Data extract:
________________________
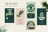 Introducing Sustainable Icons – a vibrant collection of 3D icons with lush green foliage elements, embodying the essence of sustainability and Eco-friendliness. Each meticulously crafted icon depicts various aspects of environmentally conscious living, from renewable energy sources to recycling symbols, offering a visually engaging way to promote eco-friendly practices.
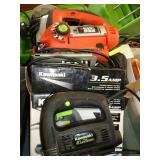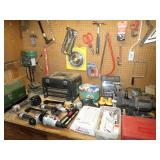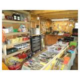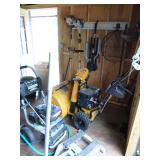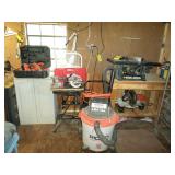 Tools and garage items: Crew Line 1500 lb. motorcycle jack, Mega Force 6500 watt generator, Keller extension ladder, Werner ladder, Powermate compressor, propane tanks, Poulan Pro 24” snow thrower, Karcher power washer, Ryobi weed wackers, hoses, Rubbermaid trash cans, Ridgid Wet/dry vac, Milwaukee sawzall, wheel barrow, Husky nail gun, 5 speed drill press, Stanley 5 drawer tool chest, Durotek stainless tool chest, Columbian work vise, Rockwell, jigsaw, B&D products incl. firestorm 5 pc. set, 10” table saw, 6” bench grinder, miter saw and jigsaw, Porter Cable nail gun, B&D workmate workbench, 150psi Porter Cable air compressor, car ramps, Coleman propane stove, propane tanks, Kawasaki jigsaw, Skil router, DeVilbiss air gun tool set, S-K socket and rachet sets, storage bins, utility sink, misc. hand tools, garden tools, hand tools, fans, pots and so many more tools and accessories!
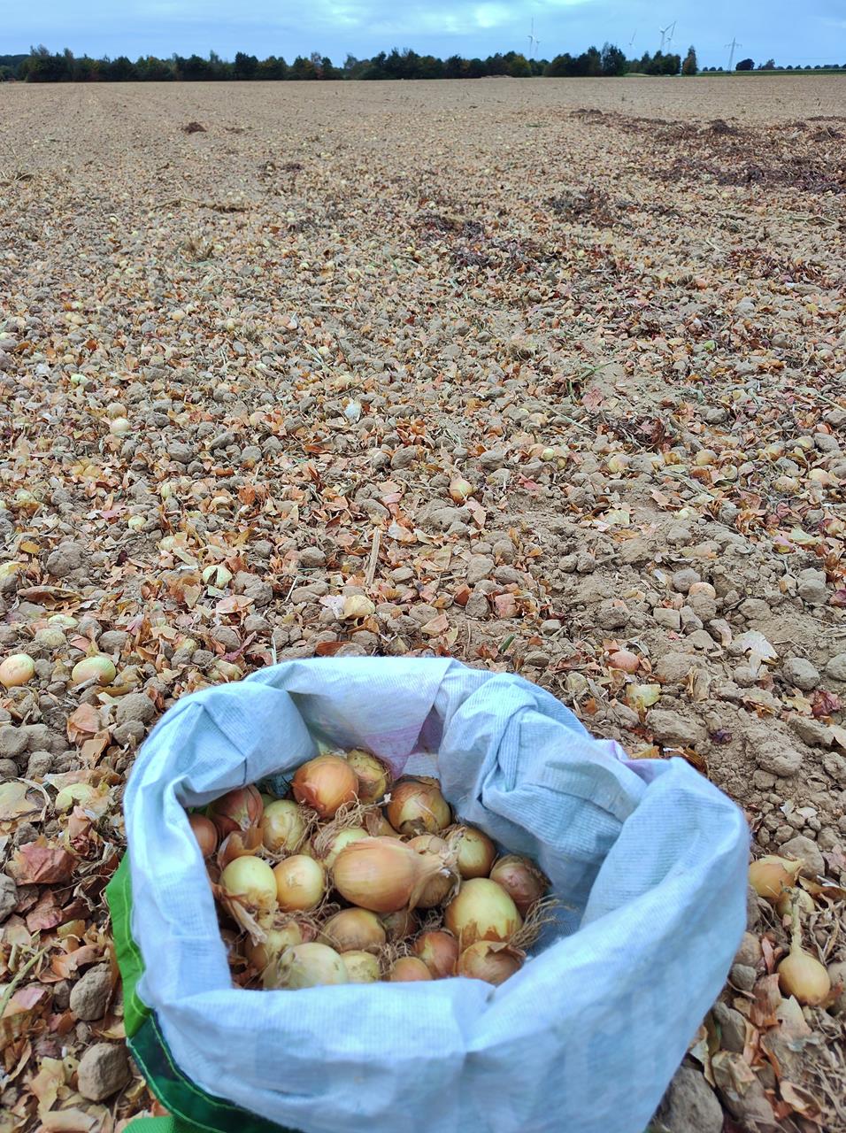 Auf den Feldern rund um unser Dorf werden gerade die Speisezwiebeln geerntet. So manche Bolle bleibt dabei auf den Feldern zurück, nachdem die Bauern ihre Ernte eingefahren haben: zu klein, zu mumselig, mit eingeritzter Schale. Die darf man dann auflesen. Doch was macht man mit einer großen Tüte voller feldfrischer Zwiebeln? Allzu lange halten sie sich im Vorratsschrank ja nicht.
________________________
Problem statement: Copy out all the data above exactly as written. Skip the pictures.

Answer box:
 Introducing Sustainable Icons – a vibrant collection of 3D icons with lush green foliage elements, embodying the essence of sustainability and Eco-friendliness. Each meticulously crafted icon depicts various aspects of environmentally conscious living, from renewable energy sources to recycling symbols, offering a visually engaging way to promote eco-friendly practices.
 Tools and garage items: Crew Line 1500 lb. motorcycle jack, Mega Force 6500 watt generator, Keller extension ladder, Werner ladder, Powermate compressor, propane tanks, Poulan Pro 24” snow thrower, Karcher power washer, Ryobi weed wackers, hoses, Rubbermaid trash cans, Ridgid Wet/dry vac, Milwaukee sawzall, wheel barrow, Husky nail gun, 5 speed drill press, Stanley 5 drawer tool chest, Durotek stainless tool chest, Columbian work vise, Rockwell, jigsaw, B&D products incl. firestorm 5 pc. set, 10” table saw, 6” bench grinder, miter saw and jigsaw, Porter Cable nail gun, B&D workmate workbench, 150psi Porter Cable air compressor, car ramps, Coleman propane stove, propane tanks, Kawasaki jigsaw, Skil router, DeVilbiss air gun tool set, S-K socket and rachet sets, storage bins, utility sink, misc. hand tools, garden tools, hand tools, fans, pots and so many more tools and accessories!
 Auf den Feldern rund um unser Dorf werden gerade die Speisezwiebeln geerntet. So manche Bolle bleibt dabei auf den Feldern zurück, nachdem die Bauern ihre Ernte eingefahren haben: zu klein, zu mumselig, mit eingeritzter Schale. Die darf man dann auflesen. Doch was macht man mit einer großen Tüte voller feldfrischer Zwiebeln? Allzu lange halten sie sich im Vorratsschrank ja nicht.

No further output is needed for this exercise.